David de Ugarte on OLPC Implementation Financing


Now that One Laptop Per Child has announced 50 OLPC XO's in Argentina now, 500 in December and I asked why Argentinean debt is financing an OLPC implementation miracle, those closer to the South American recipients are also asking tough questions about the real cost of OLPC's.

David de Ugarte

Last week, David de Ugarte of La Sociedad de las Indias Electrónicas is also questioned the full financial impact of an OLPC purchase on Argentina.

David agrees that in general, OLPC does not seem financially possible by governments today. However, David does believe it could be implemented with a mix of financing from the Inter-American Development Bank, the Government, NGO donations, and private companies, if they could see demonstrated success in pilot implementation.

In principal, I agree with him. Once everyone knows the total cost of Children's Machine XO ownership and the results such costs can deliver, then countries, communities, citizens can make rational choices about investing in the One Laptop Per Child program.

Now that would mean the OLPC reveal all the costs of the OLPC OX implementation.
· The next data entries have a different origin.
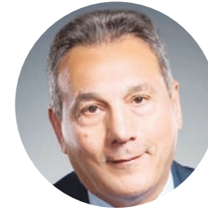
محمد الإتربي رئيس مجلس إدارة بنك مصر
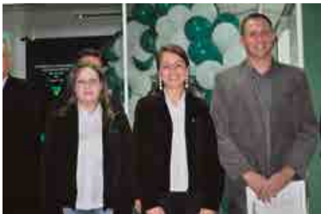
Atuação dos colaboradores da agência de Flor do Sertão foi lembrada
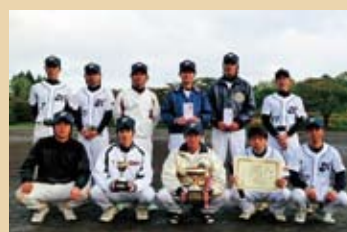
優 勝 HOTクラブチーム
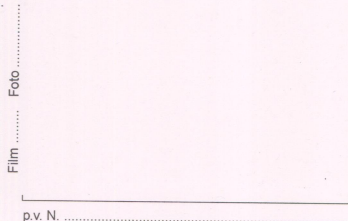
Film ..... Foto ..... p.v. N. ....
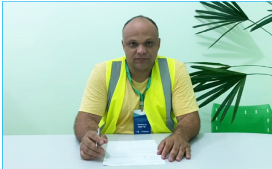
Secretário de Saúde confirma caso fatal por COVID-19 em Mariana

Até o momento, Mariana já registrou 1 óbito ocasionado pelo COVID-19, 2 casos confirmados, 19 sob investigação e outros 11 já foram descartados. Eles são monitorados pela Secretaria de Saúde, conforme o Protocolo disponibilizado pela Secretaria Estadual de Saúde.
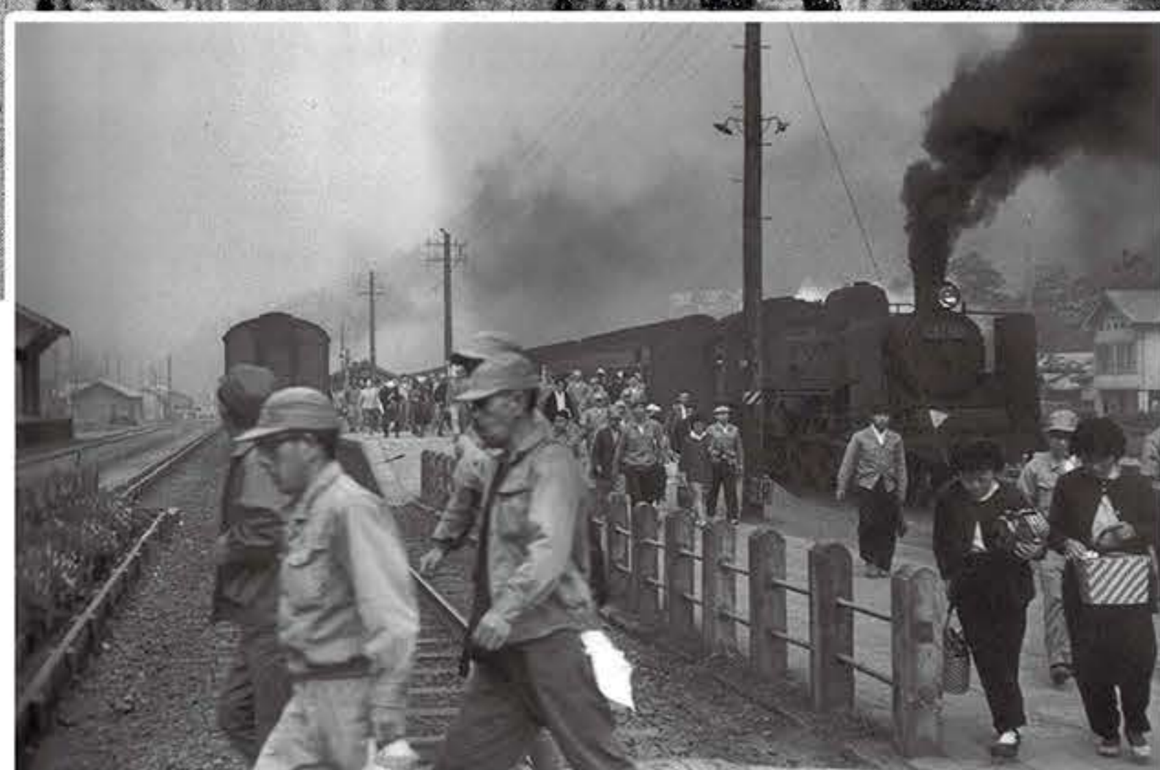
▲朝、工場に出勤する人々で混み合う鹿瀬駅
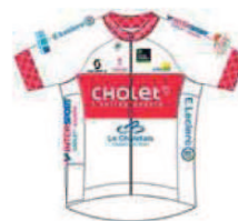
UNION CYCLISTE CHOLET 49
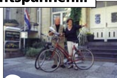
Fietsroutes voor jong en oud
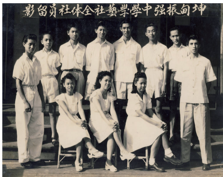
学艺社全体社员合影
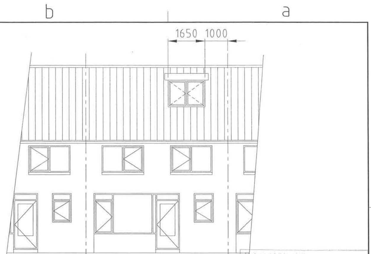
ACHTERGEVEL BESTAANDE SITUATIE

Locatie: Kadastraal bekend Gemeente: Heemskerk Sectie: B Nummer: 788 Situatie schaal 1:1000
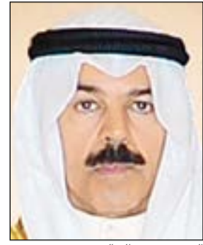
عبد الكريم أحمد

تلقت النيابة العامة أمس بلاغاً من المستشار في الديوان الأميري الشيخ محمد الخالد يطالب فيه بالتحقيق معه حول ما أثير بشأن وجود مخالفات مالية بوزارة الداخلية خلال توليه حقيبته. وقال وكيل الخالد، المحامي عماد السيف إن موكله عن نفسه وبصفته وزيراً سابقاً لوزارة الداخلية، يطلب في البلاغ التحقيق معه بشأن ما ورد من تجاوزات ومخالفات مالية وردت بتقرير ديوان المحاسبة المنشور في إحدى الصحف اليومية خاصة ببنود الصرف
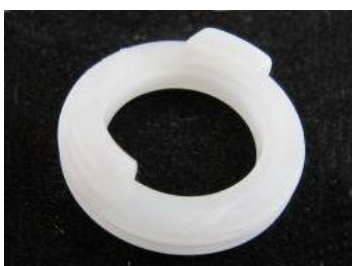
Elektrodenadapter für EEG-Haube (für EOG zzgl. Klebriinge 905910 - siehe Verbrauchsmaterial)
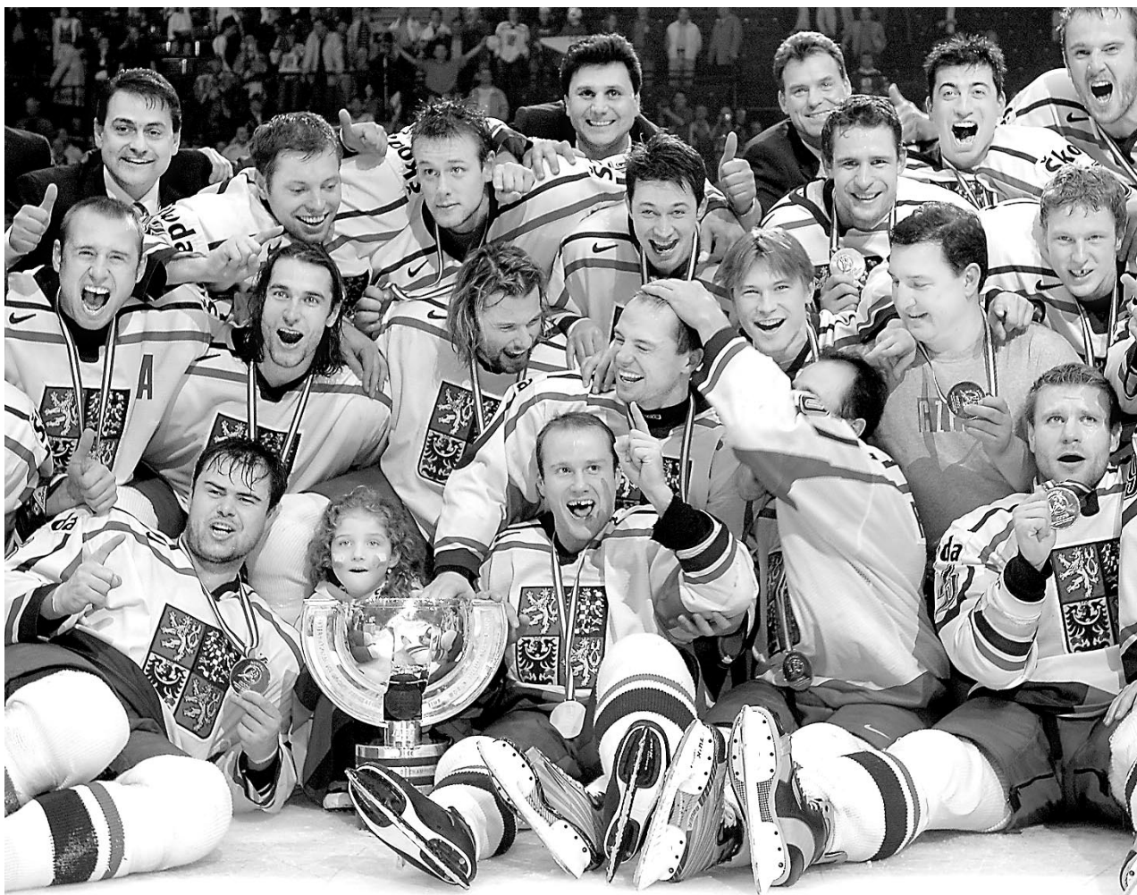
Чемпионы мира — чехи

Признавая, российская сборная на 69-м чемпионате также заслуживала игры в финале, однако кошмарное начало полуфинальной игры с Канадой перечеркнуло все надежды дружины Владимира Крикунова выиграть для России первую после 1993 года золотую медаль. При счете 0:4 уже на 22-й минуте матча против Канады отыграться практи-
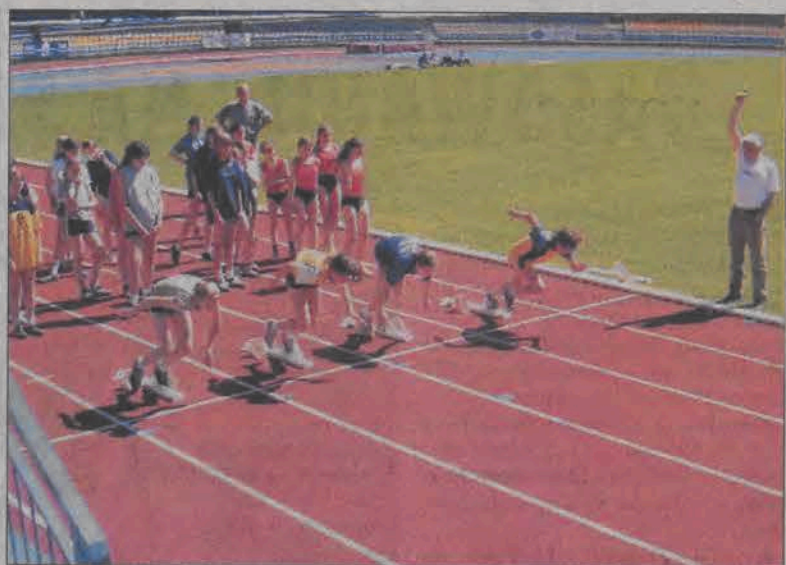
Na szybkiej tartanowej nawierzchni w Kutnie padło sporo rekordów życiowych w biegu na 60 m.
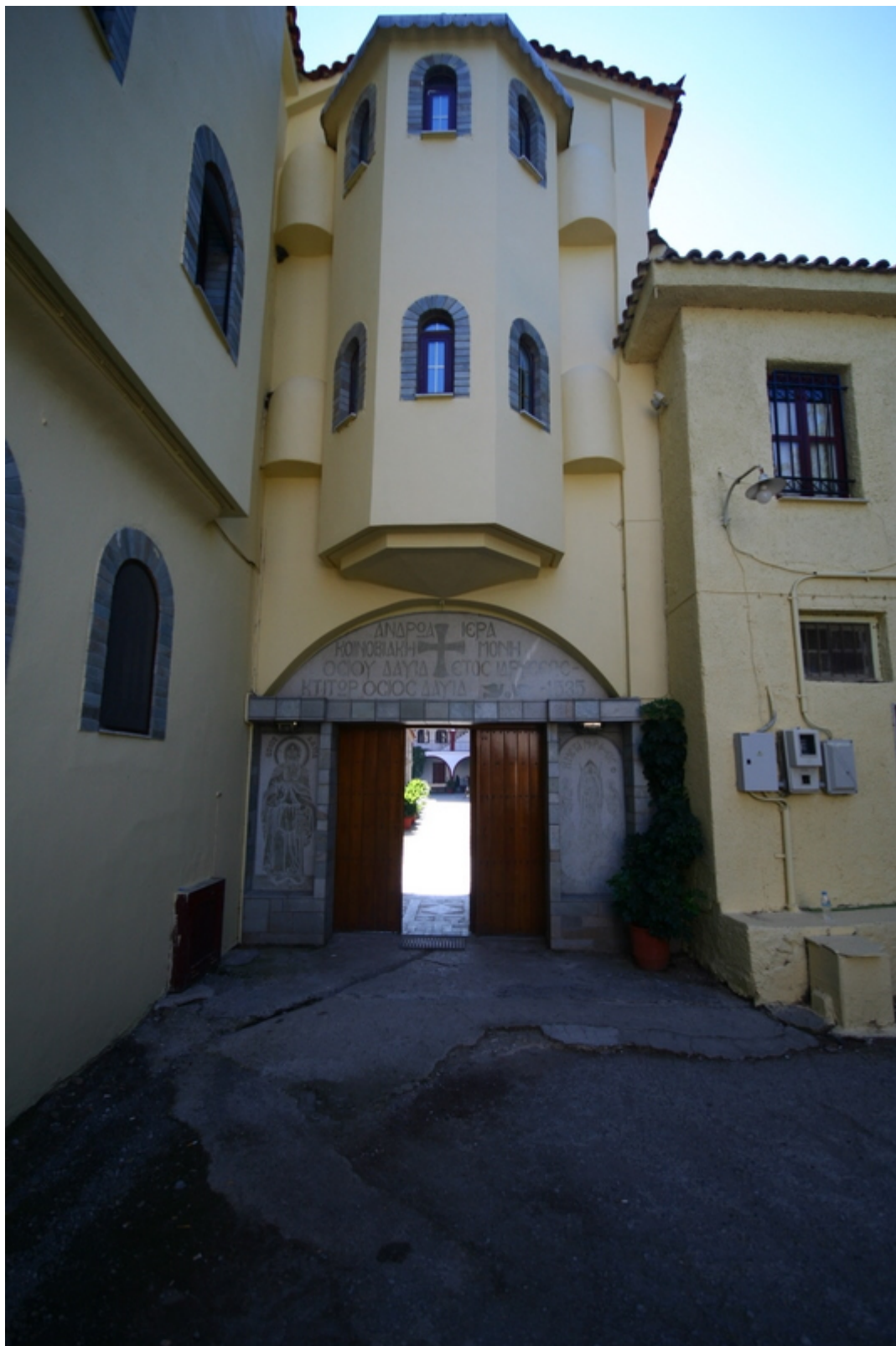
Η είσοδος της Ιεράς Μονής του Οσίου Δαβίδ
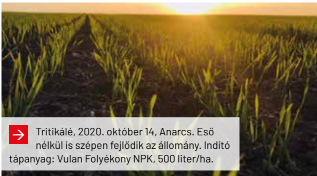
→ Tritikálé, 2020. október 14, Anarcs. Eső nélkül is szépen fejlődik az állomány. Indító tápanyag: Vulcan Folyékony NPK, 500 liter/ha.

A folyékony NPK-t vagy Turbó PK-t kijuttathatjuk már ősszel, de akár a vetés előtt közvetlenül is. Lehetőleg a szármadarványokra kerüljön, mivel gyorsítja azok bom-
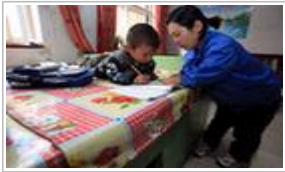
人物特写：120厘米高“袖珍妈妈”撑起四口之家
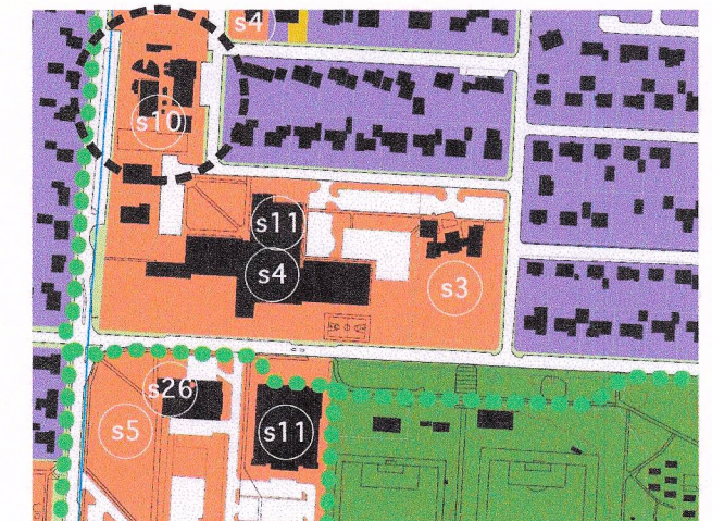
Hluti úr aðalskipulagi Árborgar 2010 - 2030, ekki í kvarða.

Skipulags- og byggingarfulltrúi Árborgar Samþykkt deiliskipulagsbreytingarinnar var auglýst í B-deild Stjórnartíðinda þann
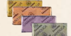
GIA Praliné, praliné aux brisures de feuilletine, praliné aux éclats d'amande, praliné aux brisures de nougat
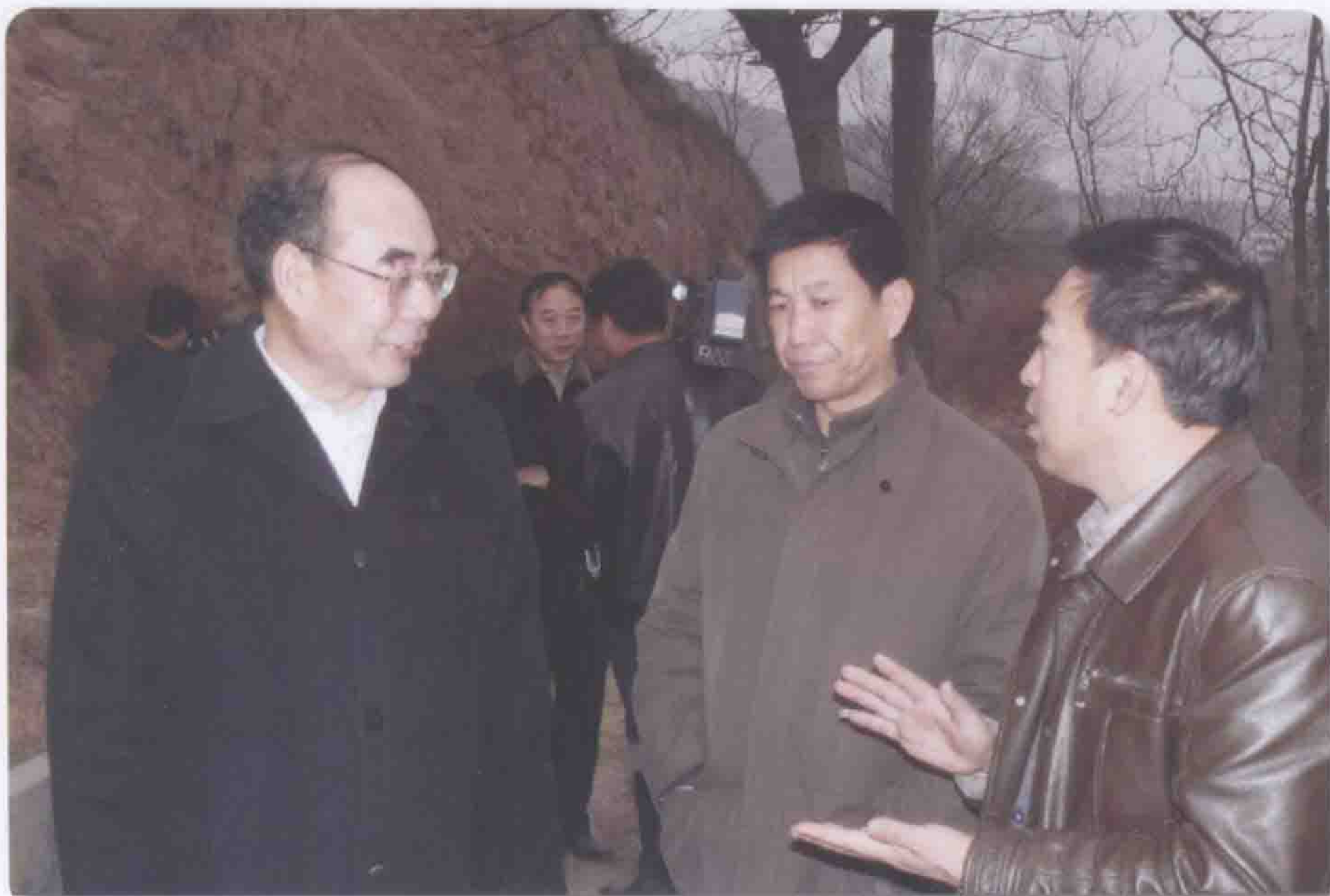
2009年2月7日天水市市长李文卿（左一）检查抗旱工作
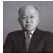
あさだじろう 浅田次郎

東京都出身。1997年「鉄道員」で直木賞受賞。多彩な作風で読者を魅了し、文学賞受賞多数。
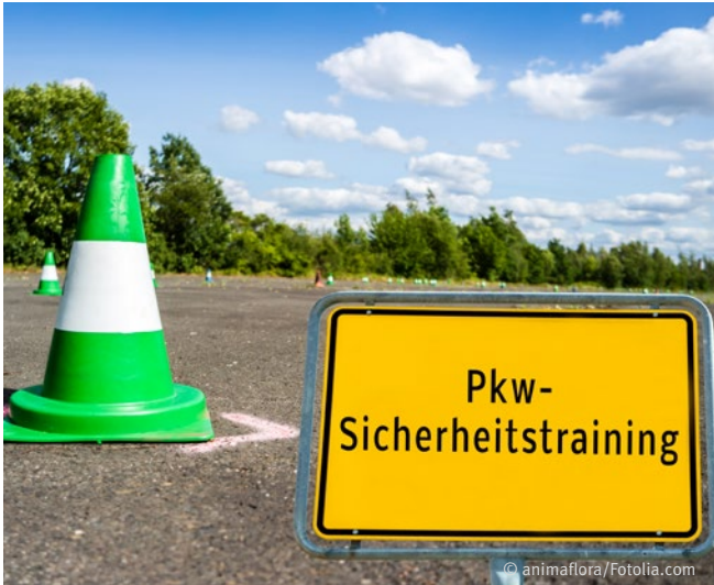
Abb. 10: Steigerung der Verkehrssicherheit durch Sicherheitstrainings

berücksichtigen. Besonders im Zusammenhang mit häufigem Termindruck verzeichnen die Berufsgenossenschaften und Unfallkassen ein erhöhtes Unfallgeschehen, weil die Dauer der Fahrt oft schlecht zu planen und die Strecke unbekannt ist.
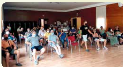
Xarrada Cotonet de Sud-àfrica a Montesa.
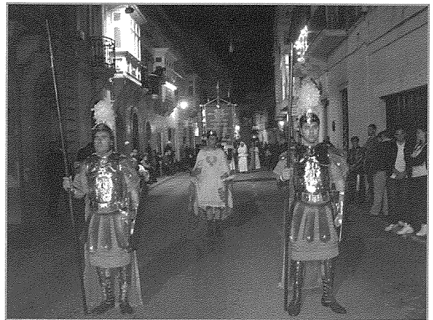
Il-personaġġ ta' Pilatu li fi żmien Kristu kien il-Gvernatur Ruman fil-Palestina

Pilatu - Pilatu, kien aktarx minn Abruzzo fl-Italja ċentrali, kien Gvernatur Ruman tal-Palestina. Għalhekk għaraf li Ġesù kien bla ħtija u minkejja li martu, Klawdja, għarrfitu b'dak il-ħolm li kellha, Pilatu, għax kien bezziegh, naqsitu l-ħila u kkundannah allavolja kien bla ħtija. Dan il-kostum l-ewwel darba li sar kien fl-1957.

More importantly, it means that Nicholas Negroponte and Seymour Papert would need to really trust that Children's Machine XO's would effect education and would be brave enough to commit to rigorously tested and controlled implementation - pilot projects that Negroponte has called "ridiculous".

Or as David says (via a poor Goolge translation I've edited for clarity):

Let us say it clear: [It] is not acceptable that the OLPC can only be bought in million units, because accessible today in the regions are projects like the one of Salamanca in Chile, and the perspective is to multiply this type of experiences, not to face gigantic financings for mastodónticos projects.
Gigantic financing is right! Just wait until you see the global goal of OLPC: $30 Billion dollars per year.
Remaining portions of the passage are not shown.